- WHAT THIS TASK INVOLVES -
For the data that follows, print the line with "Waiting For Halloween", the line with "Οι άνθρωποι της", and all lines between them, exactly as they stand. Omit pictures and add nothing.

- RECORDS SHOWN -
Start of Block

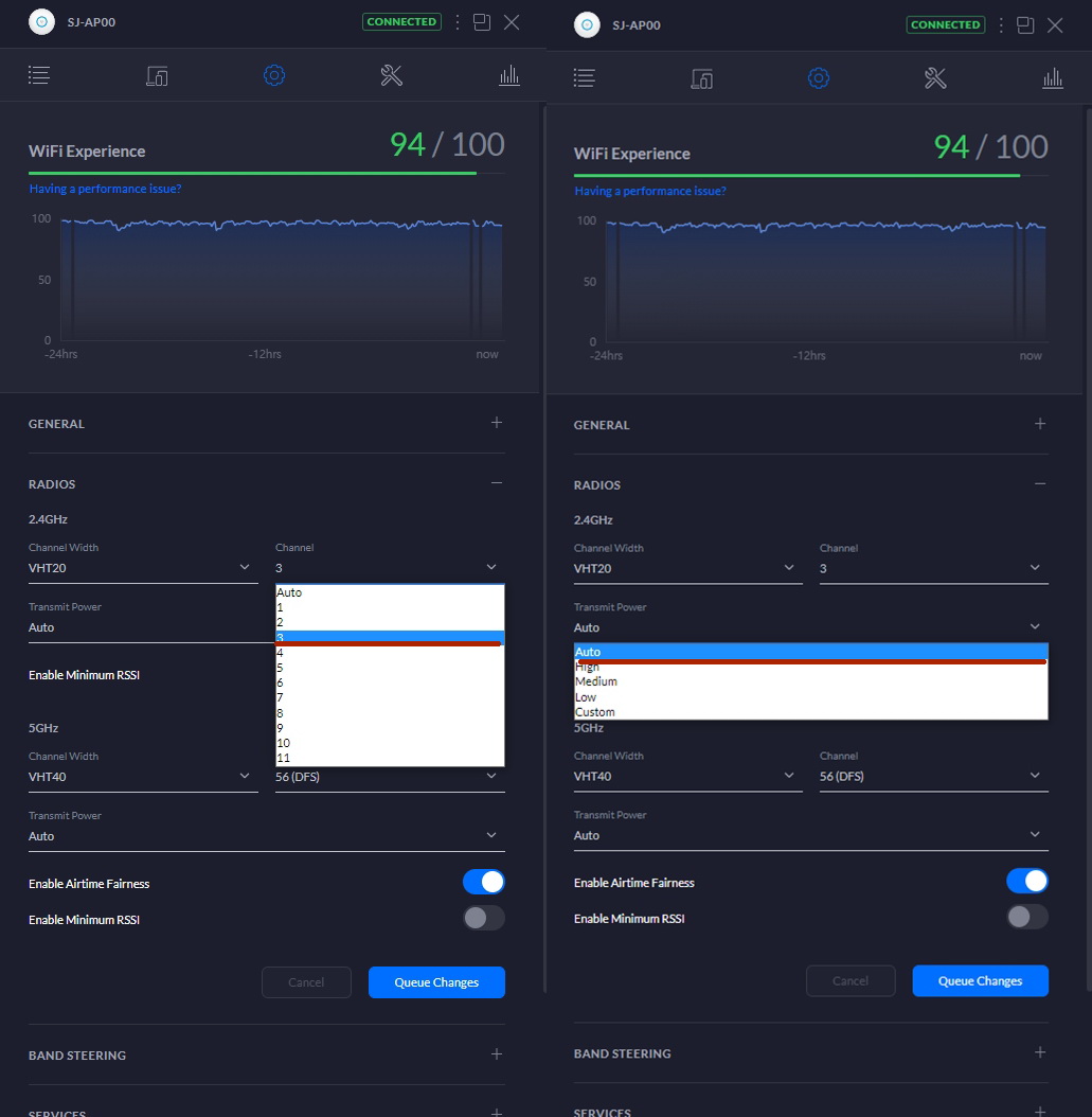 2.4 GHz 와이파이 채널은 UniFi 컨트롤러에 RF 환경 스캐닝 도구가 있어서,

End of Block
Start of Block

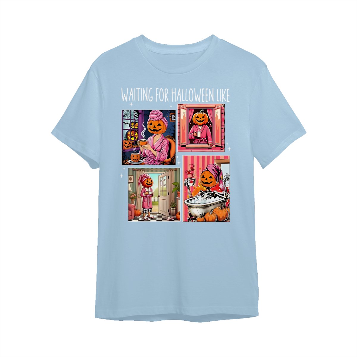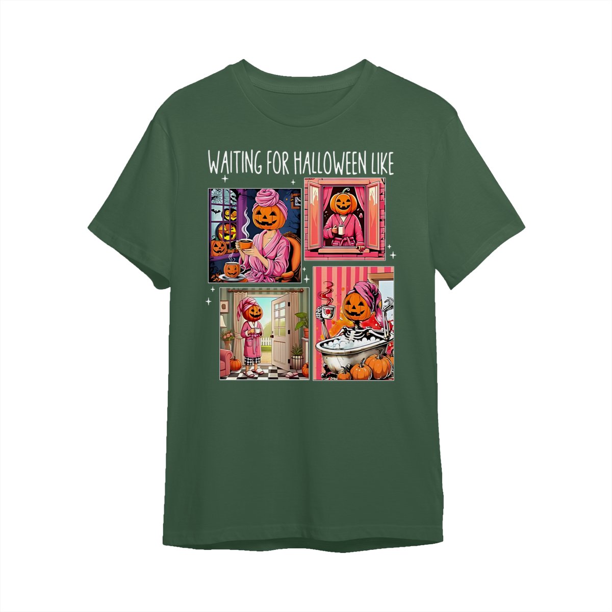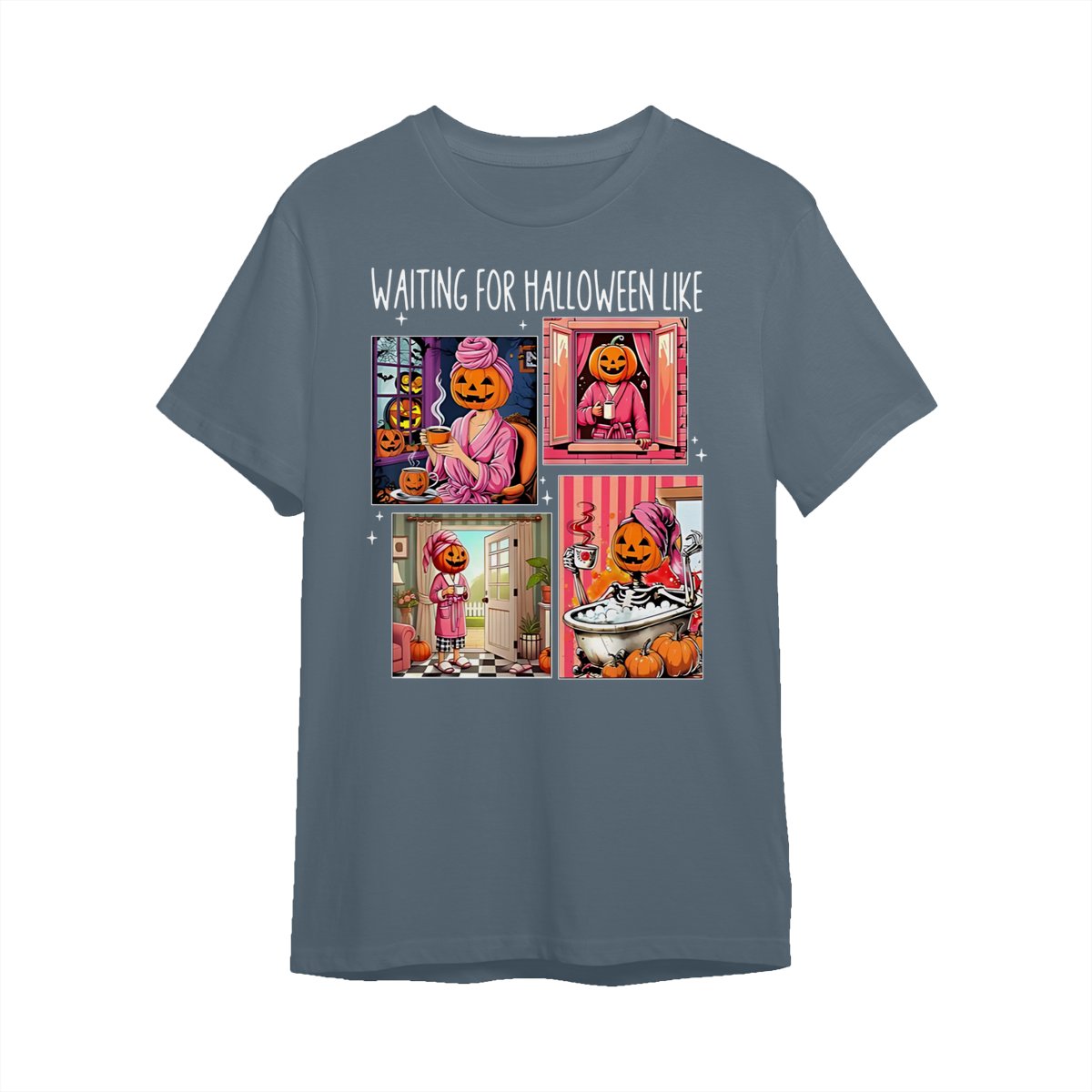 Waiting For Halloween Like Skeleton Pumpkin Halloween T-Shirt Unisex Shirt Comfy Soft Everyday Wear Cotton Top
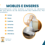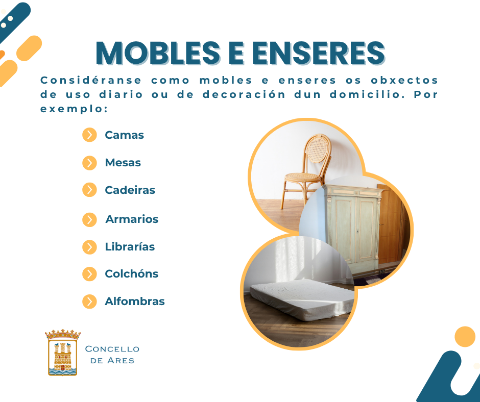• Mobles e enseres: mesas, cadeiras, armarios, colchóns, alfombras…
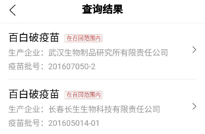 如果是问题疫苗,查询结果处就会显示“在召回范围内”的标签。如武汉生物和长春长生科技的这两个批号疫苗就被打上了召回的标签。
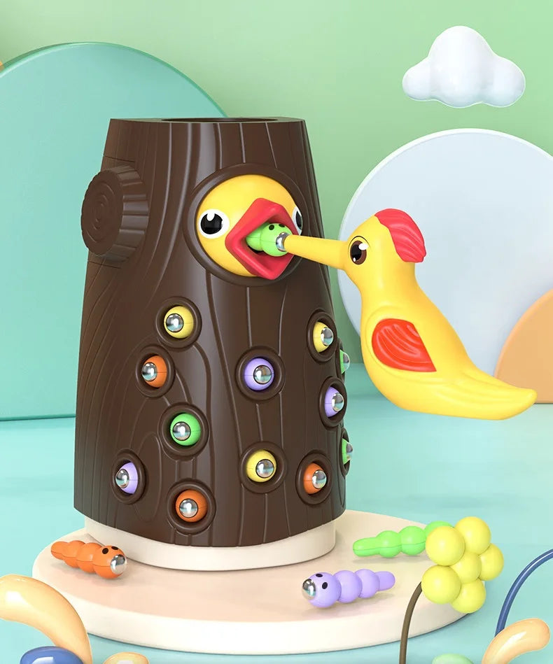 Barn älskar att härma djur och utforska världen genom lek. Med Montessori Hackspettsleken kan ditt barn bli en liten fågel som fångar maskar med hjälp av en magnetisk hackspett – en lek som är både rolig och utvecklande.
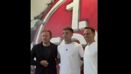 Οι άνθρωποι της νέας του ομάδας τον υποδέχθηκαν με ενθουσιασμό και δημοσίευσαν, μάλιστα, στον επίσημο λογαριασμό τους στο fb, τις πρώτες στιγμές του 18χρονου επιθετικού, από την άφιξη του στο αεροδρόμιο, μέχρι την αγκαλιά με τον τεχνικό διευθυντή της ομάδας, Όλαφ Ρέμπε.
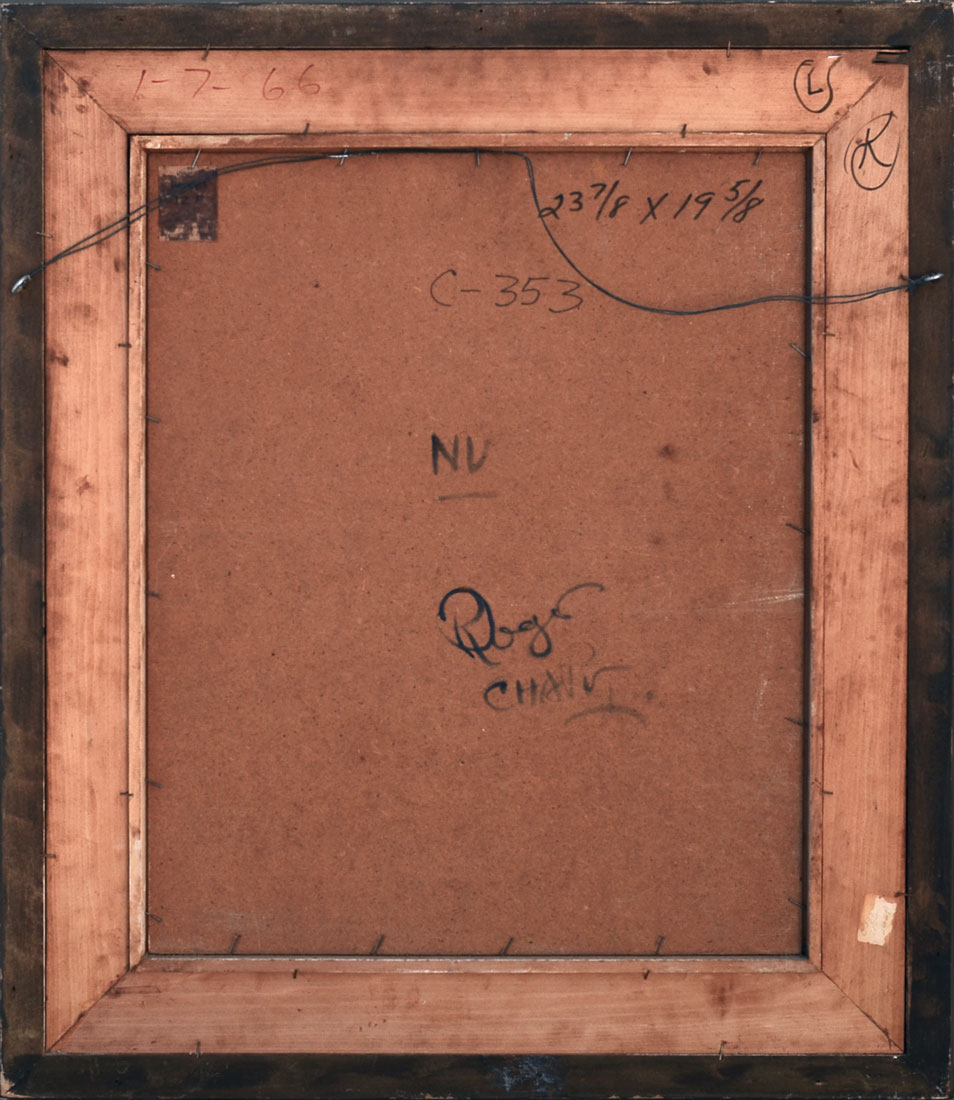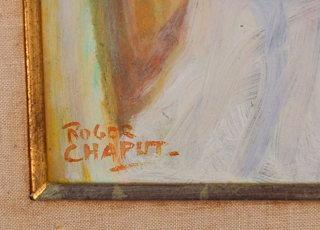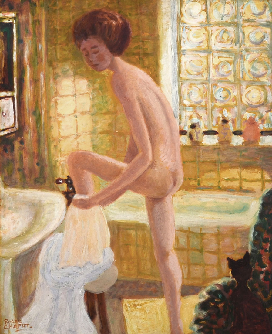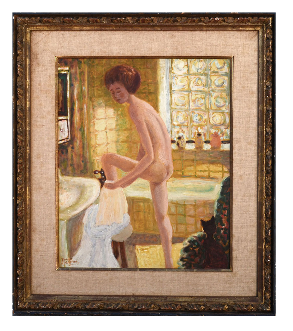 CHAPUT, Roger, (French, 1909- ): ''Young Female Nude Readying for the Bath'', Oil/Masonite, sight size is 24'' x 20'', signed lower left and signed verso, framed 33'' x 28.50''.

End of Block

- TASK ANSWER -
 Waiting For Halloween Like Skeleton Pumpkin Halloween T-Shirt Unisex Shirt Comfy Soft Everyday Wear Cotton Top
• Mobles e enseres: mesas, cadeiras, armarios, colchóns, alfombras…
 如果是问题疫苗,查询结果处就会显示“在召回范围内”的标签。如武汉生物和长春长生科技的这两个批号疫苗就被打上了召回的标签。
 Barn älskar att härma djur och utforska världen genom lek. Med Montessori Hackspettsleken kan ditt barn bli en liten fågel som fångar maskar med hjälp av en magnetisk hackspett – en lek som är både rolig och utvecklande.
 Οι άνθρωποι της νέας του ομάδας τον υποδέχθηκαν με ενθουσιασμό και δημοσίευσαν, μάλιστα, στον επίσημο λογαριασμό τους στο fb, τις πρώτες στιγμές του 18χρονου επιθετικού, από την άφιξη του στο αεροδρόμιο, μέχρι την αγκαλιά με τον τεχνικό διευθυντή της ομάδας, Όλαφ Ρέμπε.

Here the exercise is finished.